Asia markets mixed as Covid-19 surge clouds vaccine optimism

Observers warn lockdowns and other containment measures in place now are crippling businesses and jobs. PHOTO: AFP

HONG KONG (AFP) - Investors trod a careful path on Friday (Dec 4) as the vaccine euphoria that fuelled last month's equities surge cooled, with record numbers of infections and deaths highlighting the painful, immediate reality of the coronavirus crisis.

While the consensus is that the world can begin to get back to normal - and the economy recover - from next year as people are inoculated, observers warn lockdowns and other containment measures in place now are crippling businesses and jobs.

Asian markets were mixed. Tokyo, Hong Kong, Shanghai, Wellington, Manila and Jakarta all fell, but there were gains in Sydney, Seoul, Singapore and Taipei.

Singapore's Straits Times Index was up 0.3 per cent at 11.46am local time.

The United States recorded more than 210,000 new cases in a 24-hour stretch to Thursday evening, and more than 2,900 deaths, according to a tracker run by Johns Hopkins University.

And Italy registered 993 deaths, an all-time high.

The figures reinforce the need for governments to maintain restrictions, with Britain, France and Germany among the major economies imposing strict containment measures.

California, the richest state in the US, is on the brink of introducing a limited lockdown.

Focus is now turning to Washington as lawmakers appear to be finally inching towards an agreement on a new stimulus for the world's biggest economy before the Christmas break.

Democratic leaders have backed a US$908-billion bipartisan proposal as a starting point for discussions, and some top Republicans are also warming to the idea.
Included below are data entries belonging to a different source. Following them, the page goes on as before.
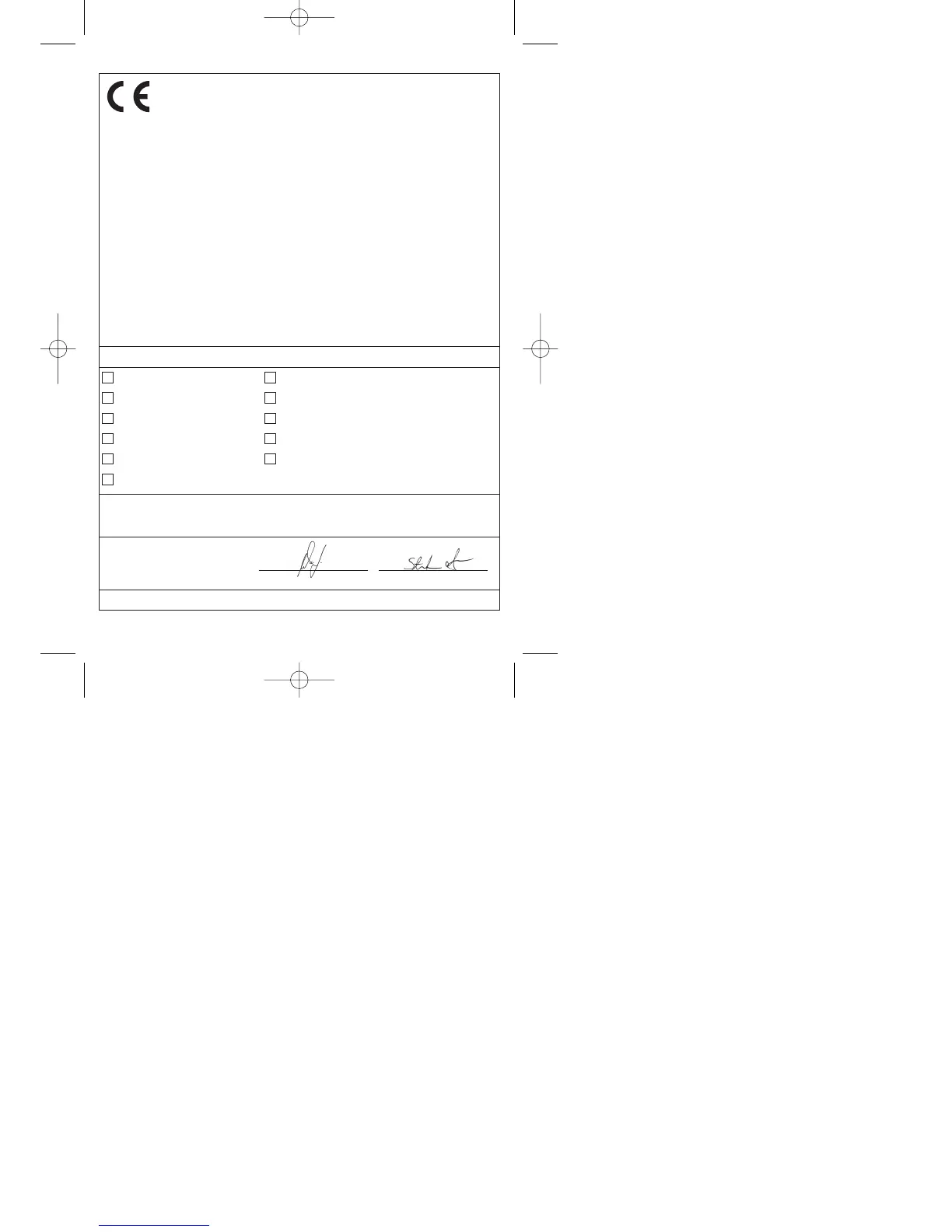 EN 61000-3-2; EN 61000-3-3; EN 60335-2-29; EN 60335-1; EN 50366
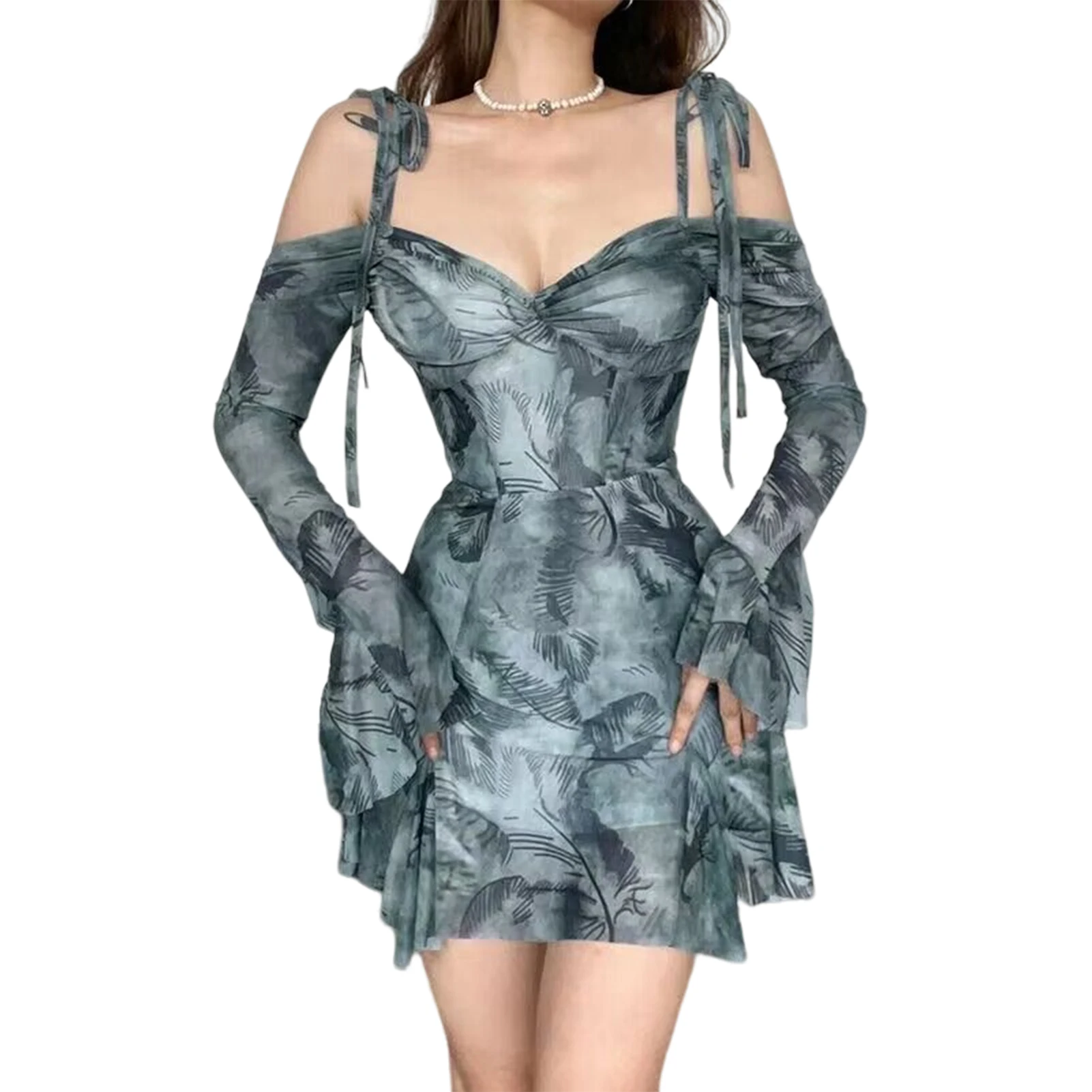 Spaghetti Strap Mini Dress for Women Summer Flare Sleeve Printed Lace-up Dresses Sexy Backless Off Shoulder Slim Fit Vestidos
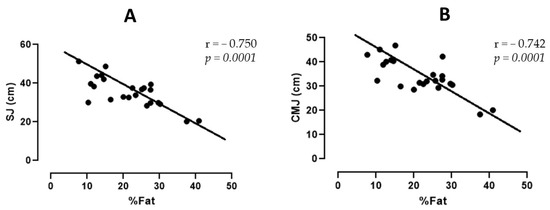 Figure 2A presents the correlation values between the SJ performance and the judo players’ total fat percentage. A value of r = −0.750 corresponds to p = 0.0001. Figure 2B shows the correlation between CMJ performance and the total fat percentage; the r value was −0.742, corresponding to p = 0.0001.
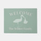Bem-vindos aos seus convidados para a sua nova casa com este tapete de cegos verdes. Apenas adicione o nome da sua família. Dou as boas-vindas aos seus convidados de chás de fraldas neutros em termos de gênero.
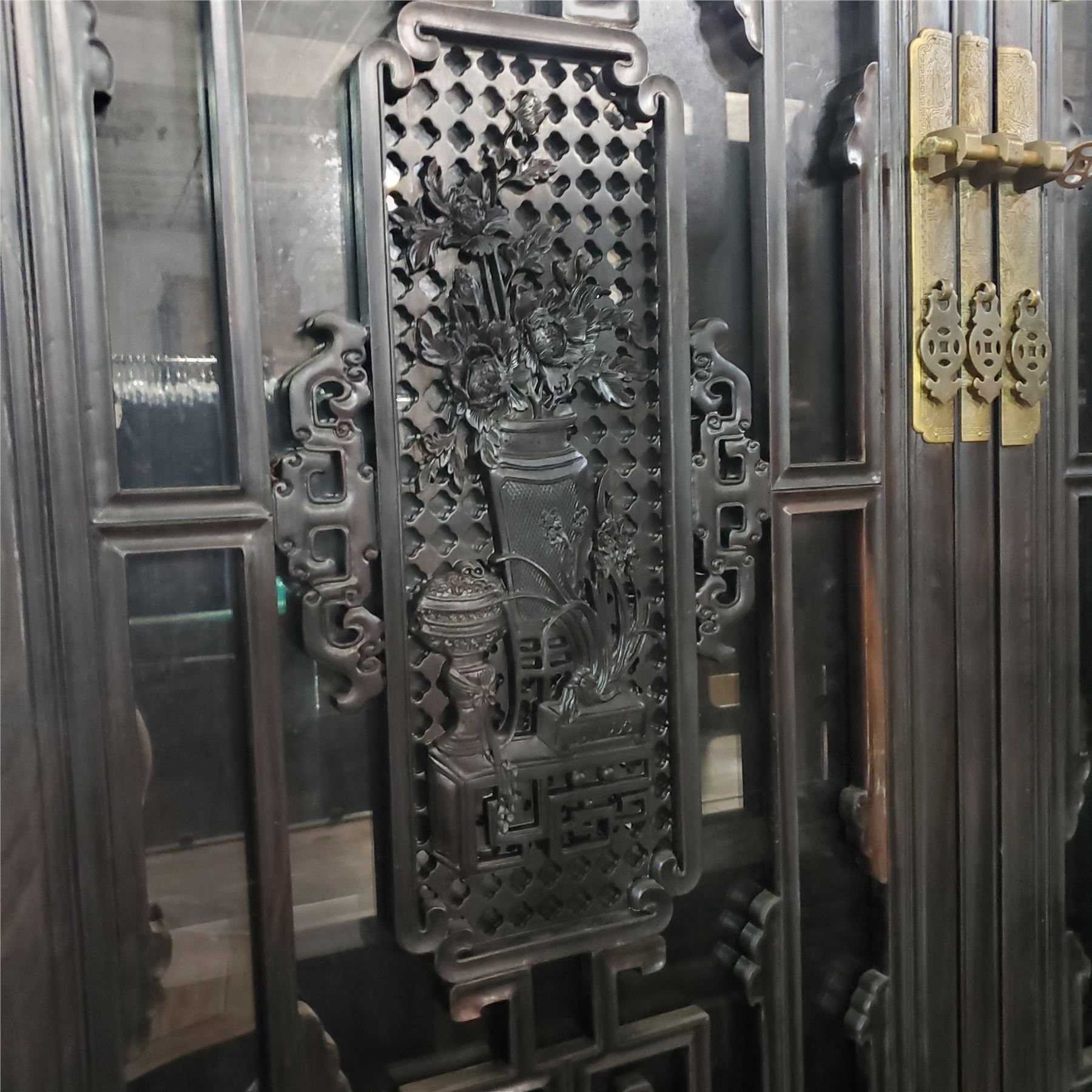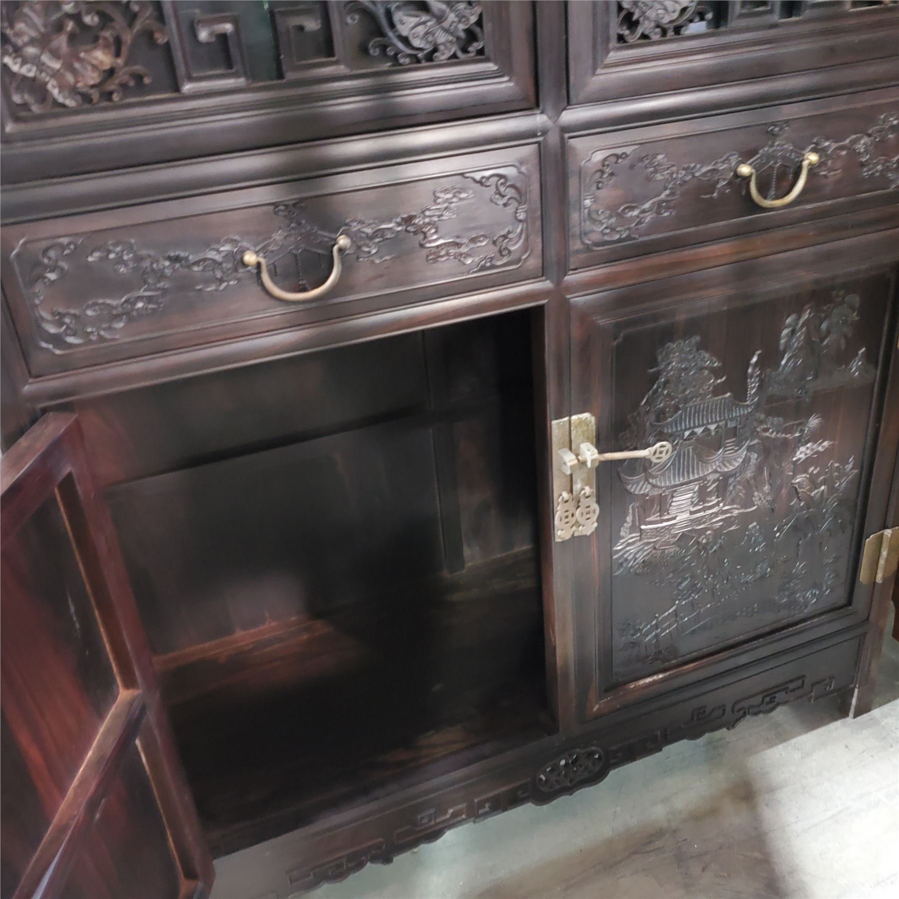 Chinese Qing-Style Carved Hardwood Cabinet, Approx. H78.5" x W40" x D15.5"
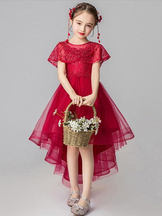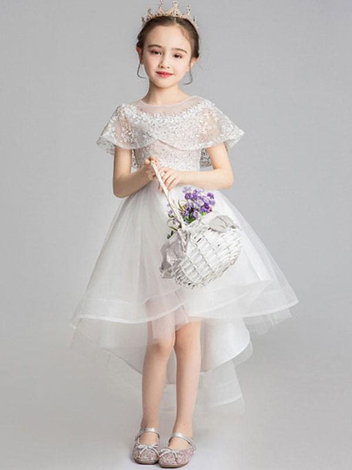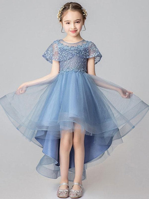 Asymmetrical Tulle Sleeveless Flower Girl Dresses Princess Embroidered Kids Party Dresses

They had originally called for around US$2 trillion.

Republican Mitt Romney, who helped draw up the new proposal, said: "We're getting more and more support from Republicans and Democrats."

Donald Trump ally Lindsey Graham was also said to have backed the offer, and while Senate Majority Leader Mitch McConnell -- who has mostly kicked back against bigger spending plans -- has yet to accept it, there are hopes he will support the measure.

McConnell has offered a US$500-billion bill but was reported to have called Democrats' acceptance of a smaller deal "heartening".

Trump said Thursday: "I believe we are getting very close to a deal."

Analysts said the developments suggest an agreement could be reached within weeks.

Wall Street's three main indexes drifted, though the Nasdaq notched up another record, following mixed US economic data that showed slowing growth in the key services sector but lower-than-expected new unemployment claims.

"Before we can make new gains, there is the usual sentiment tug-of-war between medium-term optimism and near-term Covid despair," said Axi Strategist Stephen Innes.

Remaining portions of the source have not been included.